Single by Toni Pearen

from the album Intimate
- B-side: "I Got the Vibe"
- Released: 5 April 1993
- Genre: Pop
- Length: 4:15
- Label: Mushroom
- Songwriter(s): Jenn Forbes, P. Northcote
- Producer(s): Peter Blyton

Toni Pearen singles chronology
| "In Your Room" (1992) | "I Want You" (1993) | "Walkaway Lover" (1994) |

= I Want You (Toni Pearen song) =

1993 single by Toni Pearen

"I Want You" is the second single released by Australian actress and singer Toni Pearen. Released in March 1993, the song peaked at number 10 on the Australian ARIA Singles Chart on 23 May 1993, spending 16 weeks in the top 50, and was certified gold during its 10th week in the top 20. "I Want You" garnered Toni Pearen an ARIA Award nomination for Best Pop Release in 1994, her only ARIA nomination.

==Background==
Toni Pearen had launched her music career in 1992 with the release of her top-10 debut single "In Your Room", after having been a popular cast member of the Australian drama series E Street.

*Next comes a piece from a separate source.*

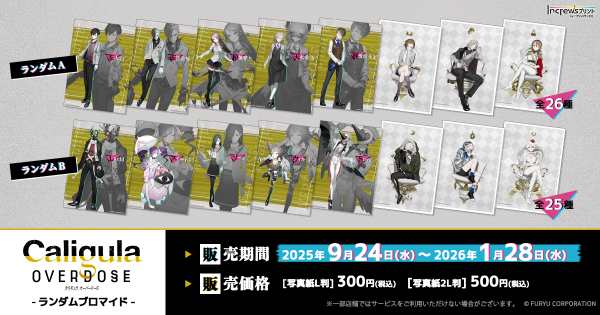 株式会社インクルーズ(東京都渋谷区、代表取締役社長 山? 健司)は、9月24日(水)より、日本全国のコンビニエンスストア店内のマルチコピー機を中心に、気軽にプリントできる「インクルーズプリント by eプリントサービス」にて、学園ジュブナイルRPG「Caligula Overdose/カリギュラ オーバードーズ」のコンテンツプリントがランダム式で販売開始したことをご報告させていただきます。
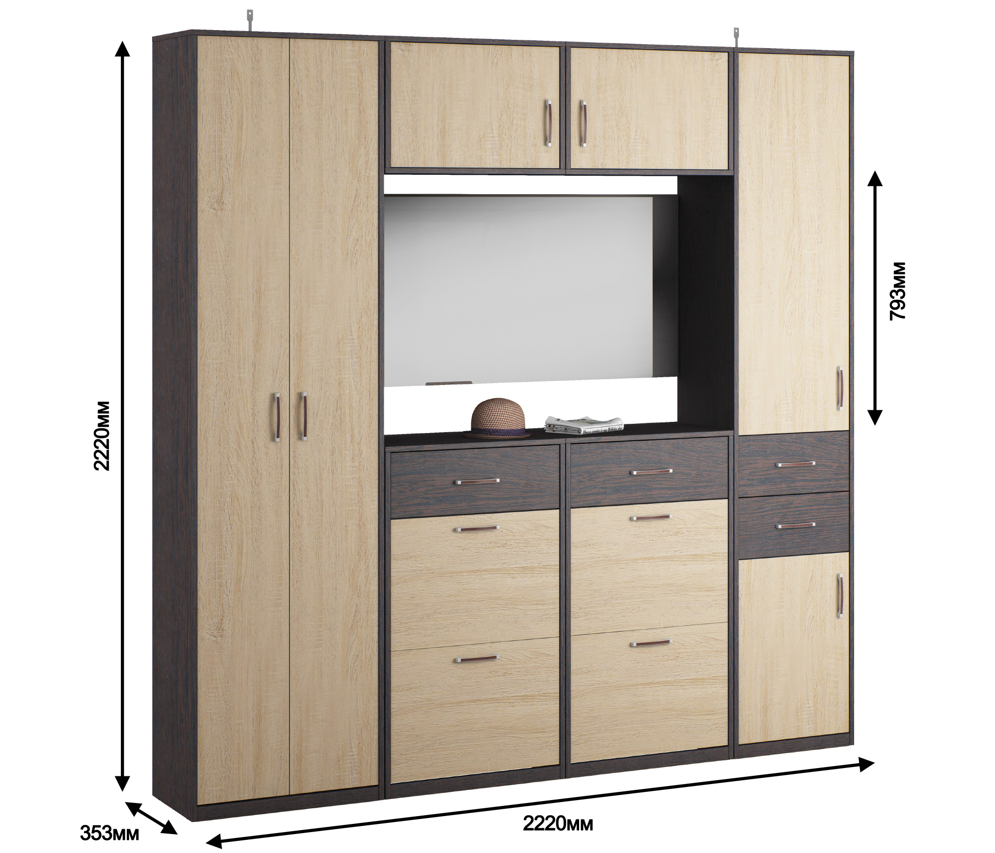 Набор с обувницами «Афина» может стать модной функциональной зоной вашей прихожей. Каждая деталь комплекта выдержана в едином стиле, что обеспечивает создание гармоничной композиции. Благородное сочетание оттенков «Венге» и «Дуб Сонома» всегда актуально и великолепно впишется в любой интерьер. В набор включены два шкафа, обувная тумба и навесная полка – все вместе они представляют собой удобную систему для хранения каждой детали гардероба, а также различных мелочей, которые неизменно скапливаются в квартире. Высокое качество изготовления комплекта «Афина» – залог долговечности мебели.

After the success her fellow E Street co-star Melissa Tkautz had with her number one single "Read My Lips", Pearen was quickly signed to Mushroom Records and started recording songs.

==Track listings==
Australian CD single
1. "I Want You"
2. "I Got the Vibe"

Australian CD digipak and cassette single
A1. "I Want You"
A2. "I Got the Vibe"
B1. "I Want You" (extended mix)
B2. "I Want You" (extended dub)

==Charts==

===Weekly charts===

| Chart (1993) | Peak position |
|---|---|
| Australia (ARIA) | 10 |

===Year-end charts===

| Chart (1993) | Position |
|---|---|
| Australia (ARIA) | 52 |

==Certifications==

| Region | Certification | Certified units/sales |
| Australia (ARIA) | Gold | 35,000^{^} |
^{^} Shipments figures based on certification alone.